This patch adds options to offset CPU affinity.
From the experiments below, writer duration characteristics are very
different between offset 0 and 1. Experiments carried out on a 256C 512T
machine running PREEMPT=n kernel.
Experiment: nreaders=1 nwriters=1 reader_cpu_offset=0 writer_cpu_offset=0
Average grace-period duration: 108376 microseconds
Minimum grace-period duration: 13000.4
50th percentile grace-period duration: 115000
90th percentile grace-period duration: 121000
99th percentile grace-period duration: 121004
Maximum grace-period duration: 219000
Grace periods: 101 Batches: 1 Ratio: 101
Experiment: nreaders=1 nwriters=1 reader_cpu_offset=0 writer_cpu_offset=1
Average grace-period duration: 185950 microseconds
Minimum grace-period duration: 8999.84
50th percentile grace-period duration: 217946
90th percentile grace-period duration: 218003
99th percentile grace-period duration: 218018
Maximum grace-period duration: 272195
Grace periods: 101 Batches: 1 Ratio: 101
Signed-off-by: Yuzhuo Jing <yuzhuo@google.com>
---
.../admin-guide/kernel-parameters.txt | 19 +++++++++++++++++++
kernel/rcu/rcuscale.c | 16 +++++++++++-----
2 files changed, 30 insertions(+), 5 deletions(-)
diff --git a/Documentation/admin-guide/kernel-parameters.txt b/Documentation/admin-guide/kernel-parameters.txt
index 5e233e511f81..f68651c103a4 100644
--- a/Documentation/admin-guide/kernel-parameters.txt
+++ b/Documentation/admin-guide/kernel-parameters.txt
@@ -1,3 +1,4 @@
+# vim: noet:sw=8:sts=8:
accept_memory= [MM]
Format: { eager | lazy }
default: lazy
@@ -5513,6 +5514,12 @@
test until boot completes in order to avoid
interference.
+ rcuscale.kfree_cpu_offset= [KNL]
+ Set the starting CPU affinity index of kfree threads.

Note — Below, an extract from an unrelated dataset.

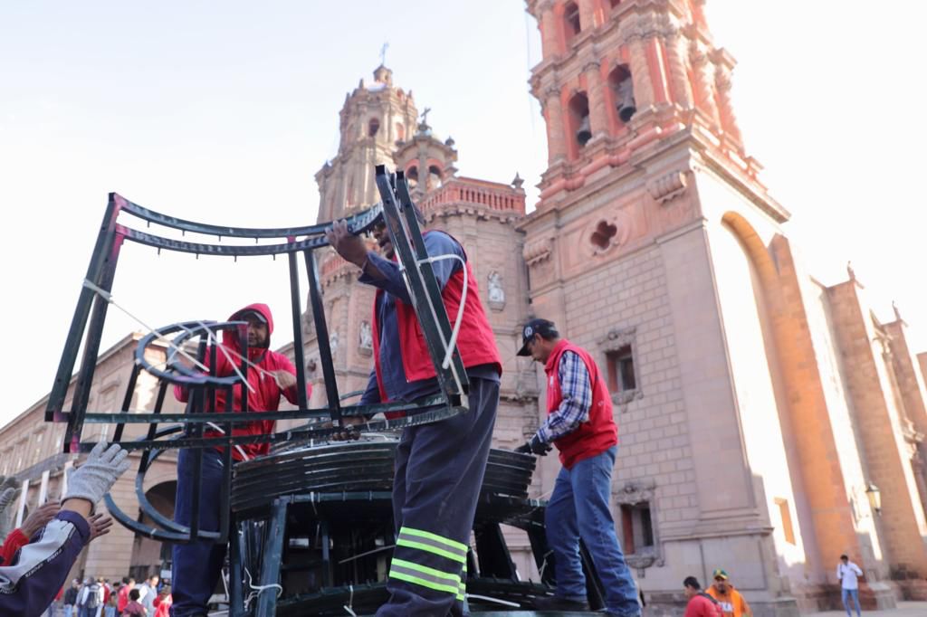 El Presidente Municipal de la Capital señaló que ya está instalándose la estructura del tradicional pino luminoso, que reviste la emblemática Plaza de Armas cada diciembre, en el corazón del Centro Histórico de San Luis Capital.

+ CPU affinity is assigned sequentially from
+ kfree_cpu_offset to kfree_cpu_offset+kfree_nthreads,
+ modded by number of CPUs. Negative value is reset to 0.
+
rcuscale.kfree_by_call_rcu= [KNL]
In kernels built with CONFIG_RCU_LAZY=y, test
call_rcu() instead of kfree_rcu().
@@ -5567,6 +5574,12 @@
the same as for rcuscale.nreaders.
N, where N is the number of CPUs
+ rcuscale.reader_cpu_offset= [KNL]
+ Set the starting CPU affinity index of reader threads.
+ CPU affinity is assigned sequentially from
+ reader_cpu_offset to reader_cpu_offset+nreaders, modded
+ by number of CPUs. Negative value is reset to 0.
+
rcuscale.scale_type= [KNL]
Specify the RCU implementation to test.
@@ -5578,6 +5591,12 @@
rcuscale.verbose= [KNL]
Enable additional printk() statements.
+ rcuscale.writer_cpu_offset= [KNL]
+ Set the starting CPU affinity index of writer threads.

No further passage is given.